# Does jogging burn muscle?



## Guest (Feb 1, 2004)

I like to jog. I also want to gain muscle mass. I have been told, however, that my jogging is burning a lot of muscle. Is that true?

Thanks,

Al


----------



## Guest (Feb 1, 2004)

hello al welcome to the musclechat board 

it will be easier to gain more muscle by cutting out the jogging,however i wouldnt say it would make a huge difference

how much jogging do u do?

let us no

cheers steve


----------



## Guest (Feb 1, 2004)

if u want to gain alot of muscle stop the jogging for a while.

the more jogging u do mate the more u got to eat,

to gain muscle u got to eat more calories than u burn

if u jog hours every day,youll struggle to get any bigger,probably get smaller.

bulk up ,then jog again once youve gained alot of muscle,

what do u weigh now?


----------



## IanUK1466867920 (Feb 16, 2004)

It wont burn muscle unless you are under eating, bad nutrition will cause catabolic (muscle burning) effects even when lifting weights.
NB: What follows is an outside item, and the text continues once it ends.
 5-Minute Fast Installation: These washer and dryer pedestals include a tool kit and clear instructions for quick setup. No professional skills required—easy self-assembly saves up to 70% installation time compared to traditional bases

Thats why everyone goes on and on about diets. I would say cardiovascular fintess is good a few times week because it keep cholesterol and blood pressure in check, these are things that can cause you trouble eating a high calorie diet.


----------



## Guest (Mar 8, 2004)

When you say you jog, you wont become a big muscular guy doing so.

Have you ever seen a jogger that is muscular?......not many is there?
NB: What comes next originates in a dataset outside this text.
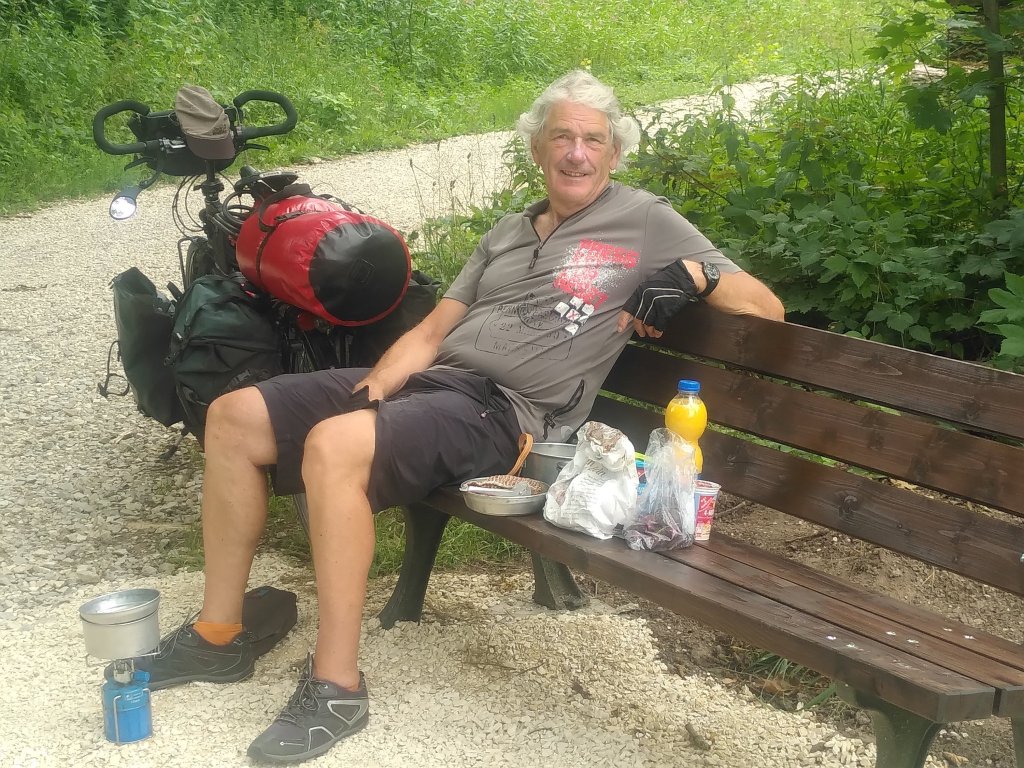 Bald ist Neuburg an der Donau erreicht und ein paar Kilometer weiter eine Brotzeitbank mit Flussblick.

Look at those runners that do interval training and run upto 200 meters, are they muscular?...yes alot of them are.

Now, Im not saying jogging is bad for you as it is great for the heart and lungs, and if you are training for a competition then fair enough, but if you are training for looks then you are better doing interval training work (short intense workouts) and eating a good quality diet, combined with weights to build some muscle.

Long-distance running can result in a los of muscle tissue. This is induced by the release of the catabolic hormone cortisol which outstrips the production of anabolic hormones such as testosterone. Under these conditions there is a net catabolism or breakdown of muscle tissue.

One study showed a decrease in size of FTI fibres following a three month period of areobic exercise on the treadmill. This may help explain the low muscle mass on many endurance runners.


----------



## garethxxx (Jan 7, 2004)

If you want to bulk then little cardio is required. If you want to cut then it is a good idea to incorporate some into your regime.

Cut it out for a while as you will cancel out the calories needed to grow!


----------



## gar (Aug 10, 2011)

i agree with interval training bieng the way to go but am curious, wouldnt you have to do some sort of cardio to burn the fat around the muscle to appear more toned?


----------